Small, democratic bodies can be united federally in a larger system, and this
was the intention of the founders of our republic, but it no longer exists in a
meaningful way.
The Least of Evils
Calvin the Reformer and Leo the Pope both came to rather the same conclusion;
both recommended aristocracy tempered by democracy, or democracy tempered by
aristocracy. In other words, neither recommended a totally rational,
mathematically egalitarian system. This was the original American idea, properly
designated as "federal republicanism," with division of powers and two
kinds of representative chambers.
Ideally, those who govern should possess authority in the sense of Hannah
Arendt. Authority must be distinguished from power. Arendt defines it as the
ability to elicit voluntary obedience. Good presidents, good officers,
good coaches, good teachers have it. Those who do not have it must resort to
power, to force, in order to be obeyed. When government leaders forfeit respect,
they lose authority, and when authority is lost, power must use force to
preserve social peace. Power, contrasted with true authority, compels
obedience. Thus when a ruler or a government resorts to force to secure
obedience, this does not "restore authority." Instead, it proves that
authority is gone.
There is a loss of authority in the U.S.A. at virtually every level of social
behavior: parents, teachers, clergy, government officials, etc. As Arendt
predicted, this loss is accompanied by an increasing resort to government
restrictions, which then leads to government violence.
Religion and Freedom
Although religions and religious leaders have at times resorted to force to
secure their goals, ideally they should influence and rule by persuasion and
conviction. When all the people, or at least a very significant number of them,
share common ideals and values, often in terms of a shared religion, to a great
extent they will govern themselves. When they do not, governments must resort to
force. When people are capable of self-discipline, self-motivation, and
self-control, very little force is required to "promote domestic
tranquility."
Within Western Christendom, the fundamental basis of government has been
covenantal, based on the concept of covenants between God, the Creator and
Judge, and humans, his servants. Respect for covenantal arrangements obviates
the need for force. This is true both in the small society of the family, the
larger society of the sports team, and the great society of the State.

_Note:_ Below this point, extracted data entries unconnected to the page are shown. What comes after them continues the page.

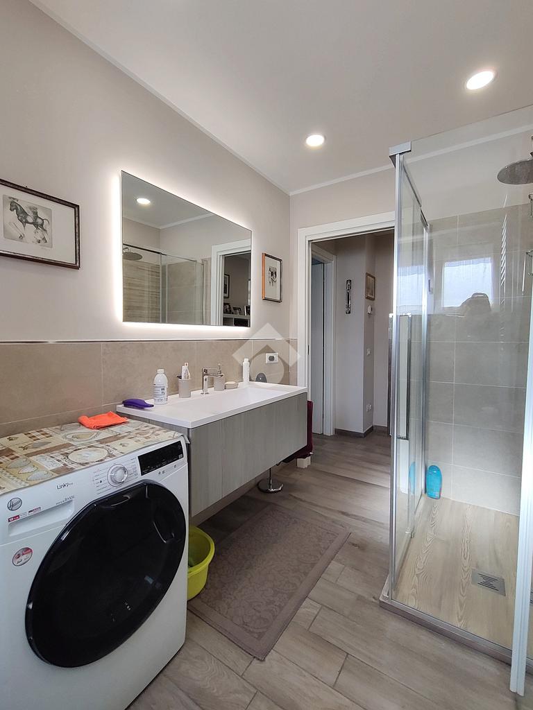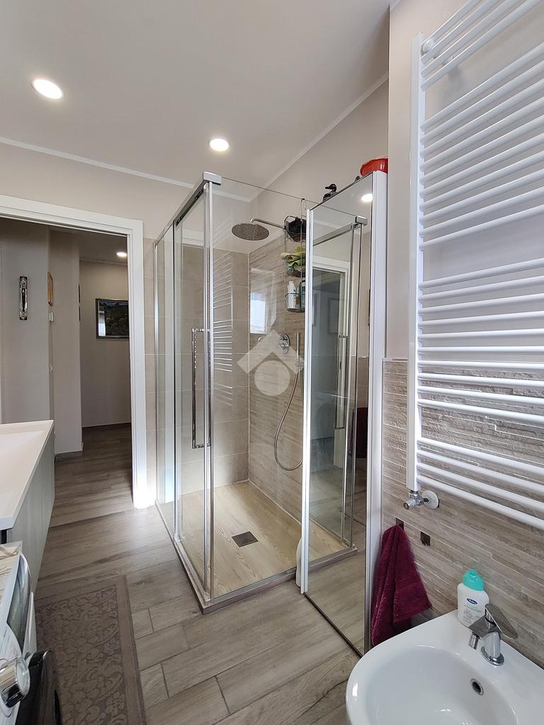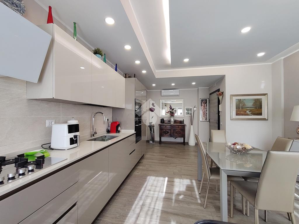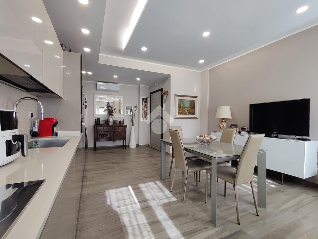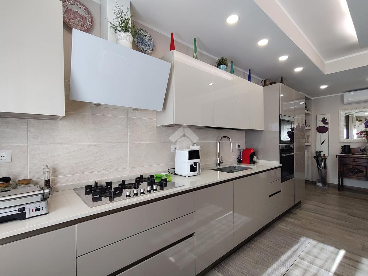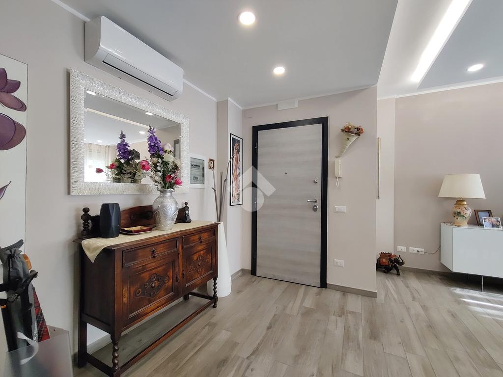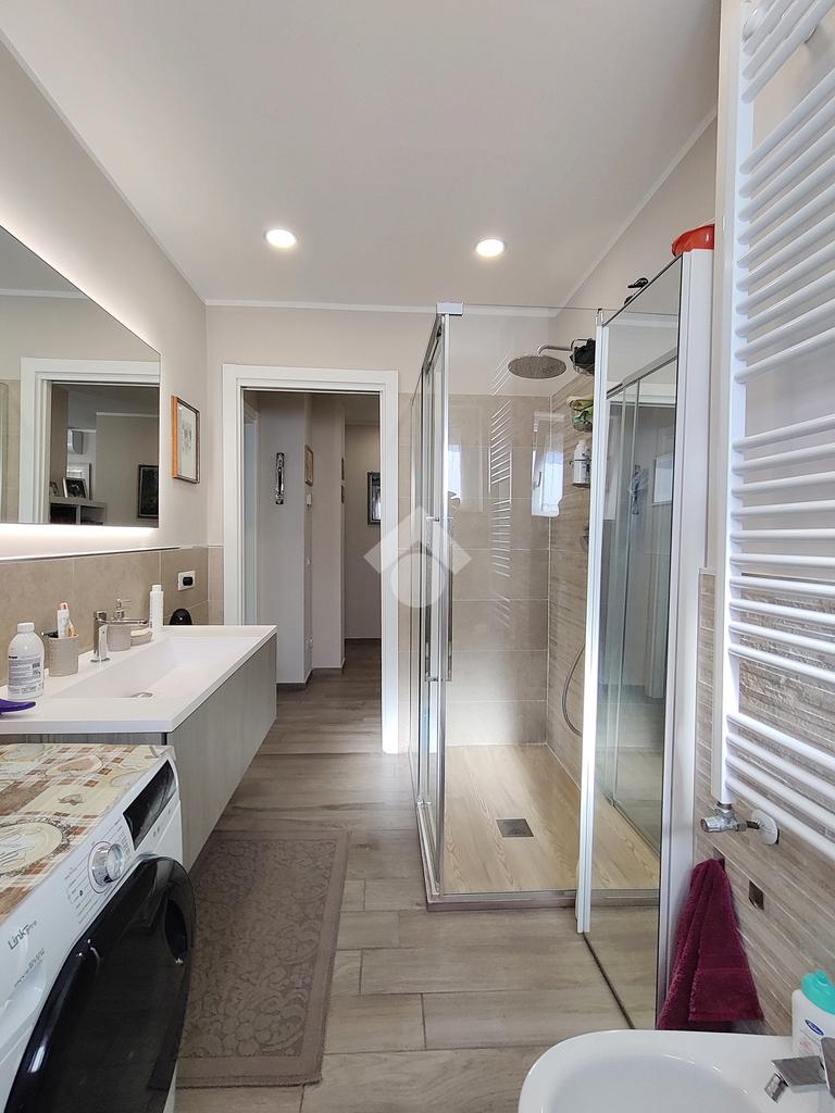 L'appartamento presenta finiture di qualità, tra cui infissi Finstral in PVC, avvolgibili elettrici, zanzariere, tende da sole, pavimentazione in gres porcellanato effetto parquet uniforme in ogni stanza, climatizzatori in tutti gli ambienti, riscaldamento autonomo con caldaia a condensazione, porta blindata, porte interne in legno laccato e controsoffitti con illuminazione a faretti integrati.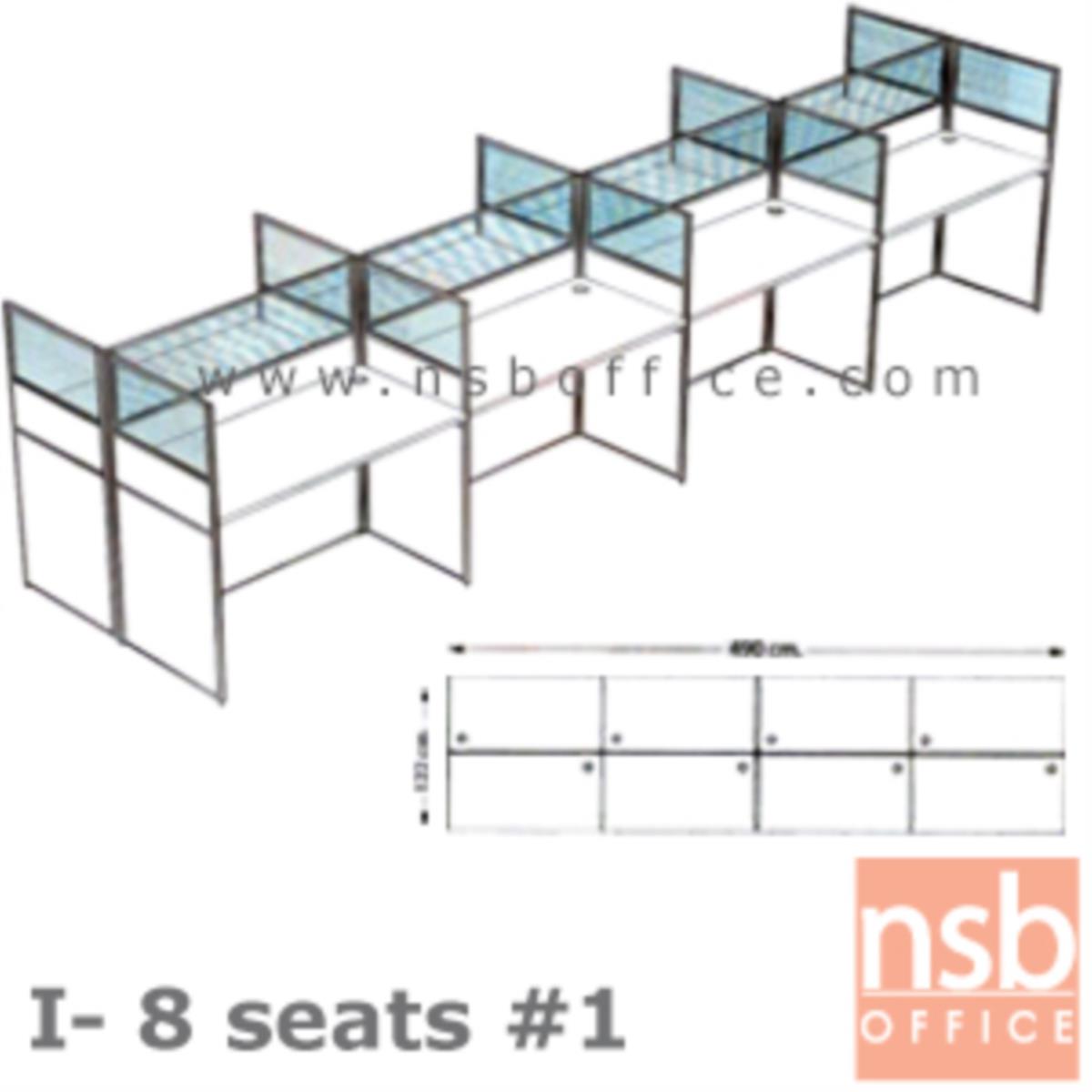 A04A093: ชุดโต๊ะทำงานกลุ่ม 8 ที่นั่ง ขนาดรวม 490W*122D cm. พร้อมพาร์ทิชั่นครึ่งกระจกขัดลาย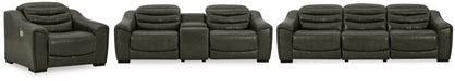 | Details | U63404S5: Includes 3 pieces: left-arm facing power recliner, armless chair and right-arm facing power recliner, "Left-arm" and "right-arm" describe the position of the arm when you face the piece, One-touch power control with adjustable positions, Easy View™ adjustable headrest and zero-draw USB port, Zero-draw technology only consumes power when the USB receptacle is in use, Corner-blocked frame with metal reinforced seat, Attached cushions, High-quality foam cushions wrapped in poly fiber, 100% top grain leather covers inside areas such as the back, seat and arm cushions; skillfully matched faux leather covers the remaining areas, Due to its natural origin, real leather can show individual characteristics such as healed scars, growth marks, grain variation and shade variation, Natural variations make each hide unique and do not detract from the wearing qualities of leather, Zero wall recliner design requires minimal space between wall and chair back, Power cord included; UL Listed, U63404S2: Includes 3 pieces: left-arm facing power recliner, console with storage and right-arm facing power recliner, "Left-arm" and "right-arm" describe the position of the arm when you face the piece, One-touch power control with adjustable positions, Easy View™ adjustable headrest and zero-draw USB port, Zero-draw technology only consumes power when the USB receptacle is in use, Corner-blocked frame with metal reinforced seat, Attached cushions, High-quality foam cushions wrapped in poly fiber, 100% top grain leather covers inside areas such as the back, seat and arm cushions; skillfully matched faux leather covers the remaining areas, Due to its natural origin, real leather can show individual characteristics such as healed scars, growth marks, grain variation and shade variation, Natural variations make each hide unique and do not detract from the wearing qualities of leather, Console with 2 cup holders, hidden storage, dual 110V outlets and dual USB charging ports, Zero wall recliner design requires minimal space between wall and chair back, Power cord included; UL Listed, U6340413: One-touch power control with adjustable positions, Easy View™ adjustable headrest and zero-draw USB port, Zero-draw technology only consumes power when the USB receptacle is in use, Zero-gravity mechanism (raises the ottoman to improve circulation), Corner-blocked frame with metal reinforced seat, Attached cushions, High-quality foam cushions wrapped in poly fiber, 100% top grain leather covers inside areas such as the back, seat and arm cushions; skillfully matched faux leather covers the remaining areas, Due to its natural origin, real leather can show individual characteristics such as healed scars, growth marks, grain variation and shade variation, Natural variations make each hide unique and do not detract from the wearing qualities of leather, Power cord included; UL Listed, | |
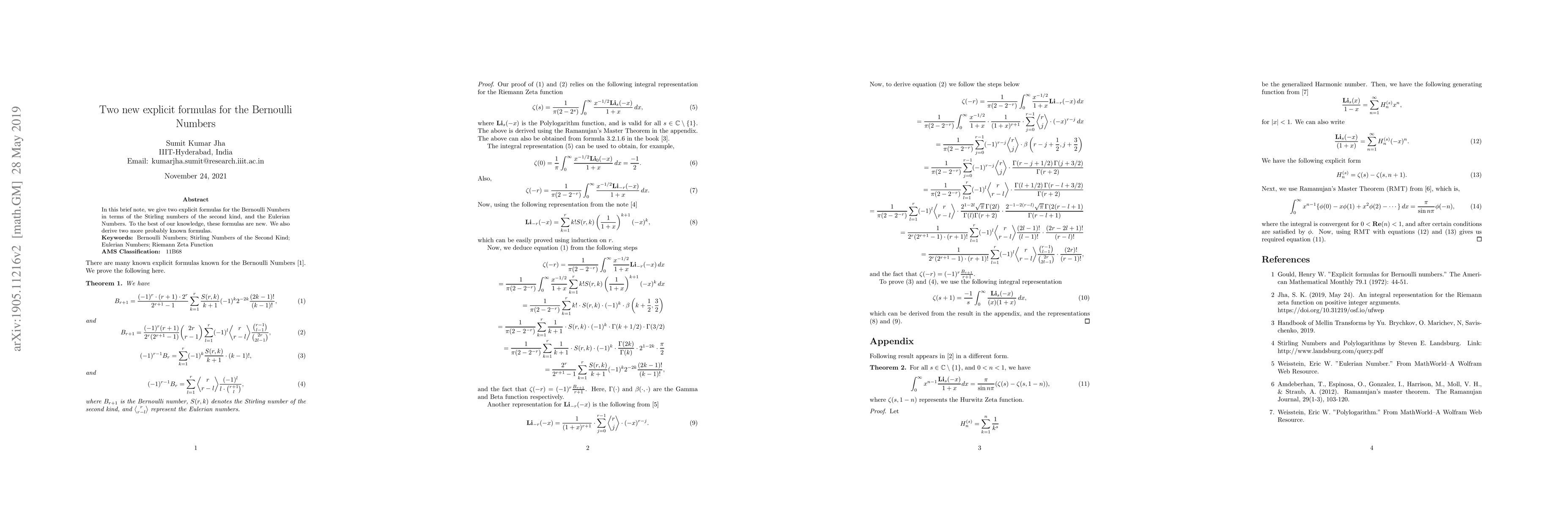 Summary: This paper introduces two novel explicit formulas for Bernoulli Numbers using Stirling numbers of the second kind and Eulerian Numbers. Additionally, it presents two more formulas, likely previously known, for Bernoulli Numbers.

Traditionally, these covenants between individuals and smaller segments of
society have been seen as under the covenant between God and the human race.
When even the symbolism of this overarching covenant is derided or discarded, as
has occurred in the United States in various decisions of the Supreme Court, the
need for government regulation–and force–grows exponentially.
The simplest natural human covenant is that of marriage and the family. When
this covenantal arrangement is denigrated and disregarded, it has an impact on
the rest of society. Colleges once drew upon the authority of the family to
supervise their young charges. They claimed that they had a duty to act in
loco parentis, in the place of a parent, obviously assuming that a natural
and recognized authority existed between a child and his parents, an authority
that could be delegated to some extent to the college. As marriage has declined
and maturity has been declared to begin at eighteen rather than twenty-one, the
colleges and other institutions have lost all natural authority. In all too many
cases so-called educational institutions seek to influence the students over
which they no longer have authority not by inspiring virtue or idealism, but by
catering to adolescent fantasies and appetites, including sexual ones.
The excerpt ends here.